EXERCISE:
The line with "Ihastuttava hopeinen nilkkakoru, jossa" marks the first line to copy, and the line with "With any Timber" marks the last. Transcribe that stretch of the data below exactly, without pictures.

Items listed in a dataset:

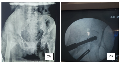 The patient was positioned supine on a traction table and was given either spinal or general anaesthesia. All patients had a single injection of prophylactic 3rd generation Cephalosporin 30 minutes before skin incision as per unit protocol. The fracture was first reduced using image intensification guidance, with the use of traction and slight internal rotation. The presence of smooth medial and anterior cortical bony buttressing on the image indicates satisfactory reduction. An attempt was made to avoid varus mal-alignment of the neck-shaft angle. For patients with late presentation or fracture that could not be reduced using the closed reduction method, the fracture was reduced after opening the fracture site through a lateral approach to the proximal thigh. When the bone was reached and exposed, a guide wire was inserted parallel to the neck after making a small drilled hole which was advanced until the required position and tip-apex distance were obtained (Figure 1B). The pathway of the guide wire was drilled using a DHS triple reamer which was adjusted to the rough length of the DHS screw to be used (Figure 1C). At this stage, tapping may not be necessary, especially in osteoporotic bones. The required screw length (usually 60-95mm) was mounted on the T handle and driven to the appropriate position in the femoral head with the use of intraoperative image guidance (Figure 1D & 2B). The 1350 (4 to 8 holes) DHS side plate was fixed to the screw and a minimum of 2 cortical screws were used to hold the plate in place. Following this, the longitudinal traction was released before the final locking of the locking screw which prevents proximal fragment rotation and further reduced the fracture gap for more stability. Stability was tested by a hip range of motion followed by layered wound closure. In cases of delayed presentation and failure to achieve closed reduction, the fracture site has to be open first to release any fibrous tissue and callus to achieve desirable fracture reduction. This may cause more bleeding and prolong operation time compared to cases with early presentation.
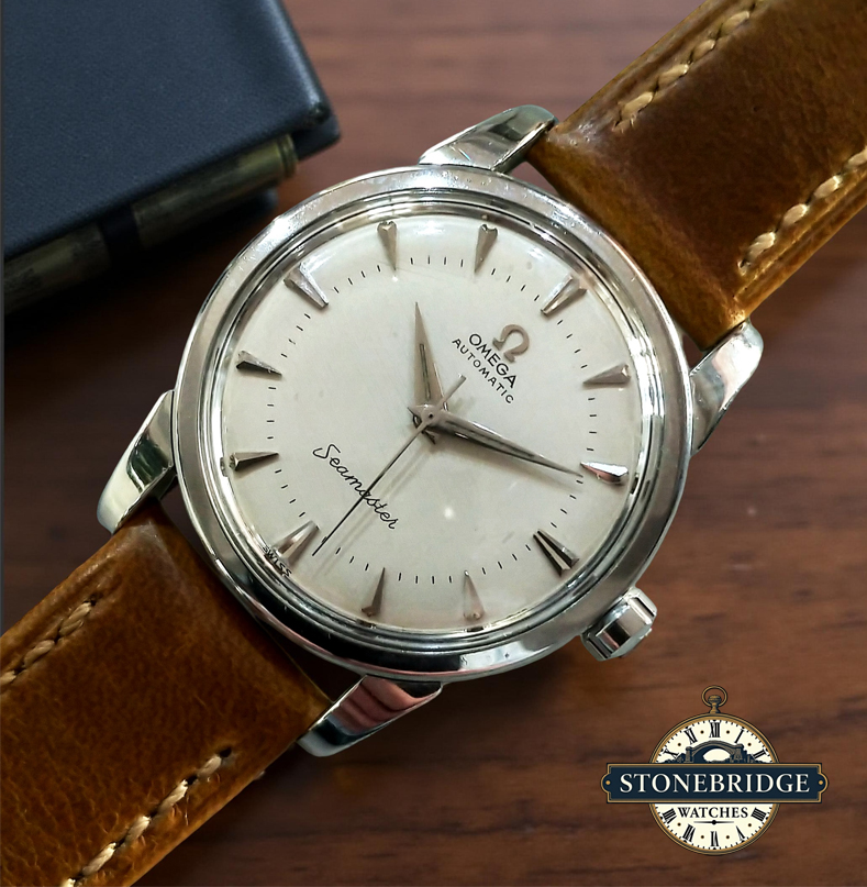 Stonebridge Watches are proud to offer this Vintage Omega Seamaster Ref : 2846In stunning conditionSIZE : 34mmSPECIFICATIONSHistory : Pre-OwnedCondition : Very Good / ExcellentBrand : OMEGAModel : Seamaster 2846Year : Circa : 1959Box : Omega Travel CasePapers : NoCase Size : 34mm (Excluding Crown)Movement : Omega caliber 501EXTRA DETAILSServiced July 2025 (with a daily accuracy under 30 seconds a day)Paired with a vintage style soft and supple black leather strap and Omega signed buckleIf you require further information regarding the watch or are concerned about shipping and import fees outside of the UK, please contact us via e-mail or what's app.STONEBRIDGE WATCHES SAYS...Omega Seamaster Ref. 2846 Circa 1959OverviewStonebridge Watches offers this timeless Seamaster Ref. 2846. First introduced in the mid-1950s, the 2846 sits at a pivotal point in Seamaster history, offering reliable automatic winding without the premium of chronometer-rated models, making it a favorite among collectors who appreciate authentic vintage aesthetic and mechanical integrity. This example features the classic clean, no-date dial with applied polished indexes and dauphine hands hallmarks of 1950s elegance. The modest 34 mm stainless steel case wears exceptionally well on modern wrists, balancing traditional proportions with everyday versatility. Key FeaturesMechanical Automatic Movement: Powered by Omegas robust automatic calibre from the influential 500/501 family, known for durability and accessible serviceability. Timeless Clean Design: Minimalist dial layout with applied markers makes this a versatile piece suited for both casual and formal wear.Original Character: The dials natural patina and preserved markers reflect authentic vintage charm rather than artificial refinishing a major plus for discerning collectors.Wearable Vintage Size: 34 mm diameter offers classic proportions and comfortable on-wrist feel.What Makes the 2846 DesirableThe Seamaster 2846 represents a sweet spot in vintage Omega collecting it combines collectible vintage patina with mechanical legitimacy, without straying into the high-price speculative tiers of other luxury vintage models.Here at Stonebridge Watches we are constantly searching for top quality vintage Omegas and this timepiece is no exception. The watch had a service completed July 2025 and therefore shows a daily accuracy of under 30 seconds a day. When you consider this watch is almost 70 years old this is quite exceptional. It has been paired with a new soft and supple vintage style leather strap (ready to wear, no ''wearing in'' required) and completed with a silver Omega buckle. When showcased on social media it garnered a lot of attention so we expect a lot of interest now it is available for to buy.
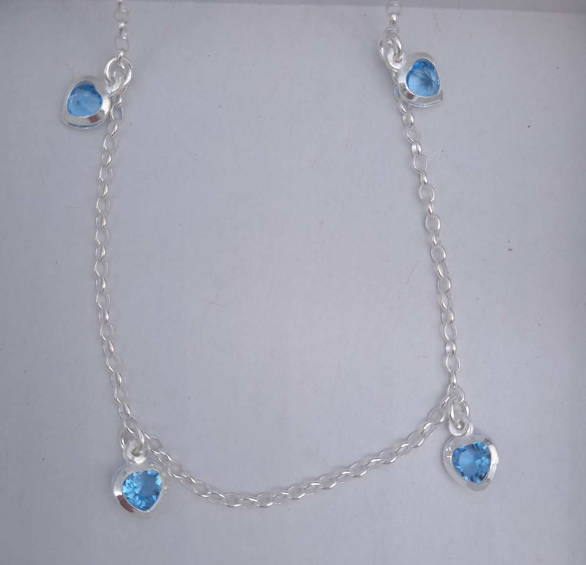 Ihastuttava hopeinen nilkkakoru, jossa koristeena viisi vaaleansinistä zirkoniasydäntä
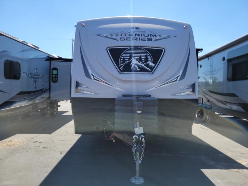 With any Timber Ridge Titanium Series travel trailer by Outdoors RV you will enjoy the sleek design frameless thermal pane windows, along with the silver fiberglass front cap and Titanium Series graphics package. The rugged 8' chassis with 5,100 lb. axles and XL ground clearance will make maneuvering tougher terrain easier than ever, and there is a ground control TT auto leveling system for hassle-free set-up. Each model includes LG solid surface countertops, mountain lodge interiors, hardwood slide out fascia(s), and many more comforts!
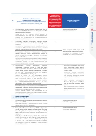 NoHasil Rekomendasi AssessmentPenerapan GCG Tahun Buku 2024 Results of Recommendation for GCG Implementation Assessment for the 2024 Financial Year Terdapat Dalam Rekomendasi Self Assessment Penerapan GCG Tahun Buku 2023Set out in the Recommendations for Self-Assessment of GCG Implementation for the 2023 Financial YearRencana Tindak LanjutFollow-Up Plan6 Menindaklanjuti dengan maksimal rekomendasi Area of Improvement (AOI) hasil assessment atas pelaksanaan Tata Kelola Perusahaan yang Baik.Follow up to the maximum extent possible on recommendations from the Area of Improvement (AOI) resulting from the assessment of the implementation of Good Corporate Governance.%uf0fb Dalam proses tindak lanjut In progress for follow-up7 Melengkapi Pedoman Pengendalian Gratifikasi dengan komitmen Dewan Komisaris dan Direksi, atas Pengendalian Gratifikasi.Complete the Gratification Control Guidelines with the commitment of the Board of Commissioners and Board of Directors, overconcerning the Gratification Control.%uf0fbDalam progress tindak lanjut, draft Pedoman sudah dalam proses sirkulerIn progress for follow-up; the draft Guidelines are in the circular processMenyesuaikan Pedoman Pengendalian Gratifikasi dengan Peraturan Komisi Pemberantasan Korupsi RI Nomor: 2 Tahun 2019 tanggal 5 November 2019 tentang Pelaporan Gratifikasi.Conform the Gratification Control Guidelines with Regulation of the Corruption Eradication Commission of the Republic of Indonesia Number: 2 of 2019 dated November 5, 2019 concerning Gratification Reporting.%uf0fc8 Menyampaikan Laporan Pengelolaan Pedoman Pengendalian Gratifikasi minimal 1 (satu) kali dalam setahun oleh Chief Compliance Officer kepada Direktur Utama sesuai dengan Pedoman Pengendalian Gratifikasi No. A13- 002/ PHE01000/2021-S9 Revisi ke 0 tanggal 31 Desember 2021 BAB III Huruf A Angka 2.Submitt a Report on the Gratification Control Guidelines Management at least 1 once a year by the Chief Compliance Officer to the President Director in accordance with Gratification Control Guideline No. A13-002/PHE01000/2021-S9 Revision 0 dated December 31, 2021 CHAPTER III Letter A Number 2.%uf0fb - Terkait laporan gratifikasi sebelumnya telah terkompilasi dalam laporan bulanan Corporate Secretary kepada Direktur UtamaConcerning previous gratification reports that have been compiled in the Corporate Secretary's monthly report to the President Director- Akan dilakukan pemutakhiran Pedoman Pengendalian Gratifikasi PHE, di mana saat ini sedang dalam prosesPHE's Gratification Control Guidelines will be updated, which is currently in processMelakukan peninjauan dan penyempurnaan berkala Pedoman Pengendalian Gratifikasi agar selaras dengan ketentuan dan peraturan perundang-undangan yang berlaku.Conduct periodic reviews and improvements to the Gratification Control Guidelines to ensure they are in line with the applicable laws and regulations.%uf0fcII Aspek Pemegang SahamShareholders Aspect1 Mengesahkan RJPP Perusahaan secara tepat waktu sebelum tahun periode RJPP.Ratify the Company%u2019s Long-Term Plan (RJPP) in a timely manner before the RJPP period year.%uf0fb Dalam proses tindak lanjut In the follow-up process 2 Mengesahkan/Menyetujui Rancangan RKAP paling lambat 30 hari setelah tahun anggaran berjalan sesuai ketentuan Pasal 18 ayat 4 atau menyatakan dalam Keputusan RUPS RKAP untuk mengabaikan ketentuan AD Perusahaan Pasal 18 Ayat 4.Ratify/Approve Draft Company%u2019s Work Plan and Budget (RKAP) no later than 30 days after the current budget year in accordance with the provisions of Article 18 paragraph 4 or state it in a GMS Resolution of RKAP to disregard the provisions of Article 18 Paragraph 4 of the Company%u2019s Articles of Association.%uf0fc Dalam proses tindak lanjut In the follow-up process 0102030405 Good Corporate Governance Tata kelola Perusahaan0607 PT Pertamina Hulu Energi 319

PROBLEM SOLUTION:
 Ihastuttava hopeinen nilkkakoru, jossa koristeena viisi vaaleansinistä zirkoniasydäntä
 With any Timber Ridge Titanium Series travel trailer by Outdoors RV you will enjoy the sleek design frameless thermal pane windows, along with the silver fiberglass front cap and Titanium Series graphics package. The rugged 8' chassis with 5,100 lb. axles and XL ground clearance will make maneuvering tougher terrain easier than ever, and there is a ground control TT auto leveling system for hassle-free set-up. Each model includes LG solid surface countertops, mountain lodge interiors, hardwood slide out fascia(s), and many more comforts!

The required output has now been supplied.